Member of the Illinois Senate from the 43rd district
- In office January 13, 2021 – April 29, 2022
- Preceded by: Pat McGuire
- Succeeded by: Eric Mattson

Member of the Illinois House of Representatives from the 85th district
- In office June 24, 2017 – January 13, 2021
- Preceded by: Emily McAsey
- Succeeded by: Dagmara Avelar

Personal details
- Born: Joliet, Illinois
- Party: Democratic
- Education: University of Notre Dame (B.A.) University of Illinois (J.D.)
- Profession: Attorney

= John Connor (Illinois politician) =

American politician

John Connor is an American judge and former politician serving as a Circuit Judge on the 12th Judicial Circuit of Illinois since 2022 who served as a Democratic member of the Illinois Senate and Illinois House of Representatives.

==Political career==
In 2017, Connor was appointed to the Illinois House of Representatives. Connor assumed the position following the resignation of Emily McAsey in June 2017. He served the remainder of McAsey's term until early 2019. As a prosecutor, Connor has been involved in high-profile cases, such as the Drew Peterson case. Connor's term came towards the end of the Illinois state budget crisis, when the House ruled 71–42 to override Governor Bruce Rauner's veto of a state budget package. Connor was one of six Democrats to vote no.
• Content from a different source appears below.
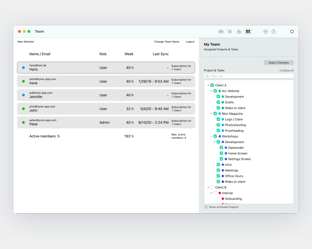 Tyme ist ein einfaches, aber mächtiges Zeiterfassungstool für Freelancer und Teams. Du erhältst einen schnellen Überblick über den Stand deiner Projekte, deine Abgabetermine und deine Auslastung – immer synchron auf all deinen Apple Geräten.

In the 2020 general election, Connor successfully ran for the Illinois Senate seat being vacated by fellow Democrat Pat McGuire. Connor was succeeded in the Illinois House by Democrat Dagmara Avelar.

He resigned from the Senate on April 29, 2022, and Eric Mattson was appointed to replace him on May 6, 2022.

In November 2022, Connor was elected as a Circuit Judge for the 12th Judicial Circuit of Illinois, defeating Arkadiusz "Art" Smigielski for the vacancy of Richard Schoenstedt with 51.64% of the vote.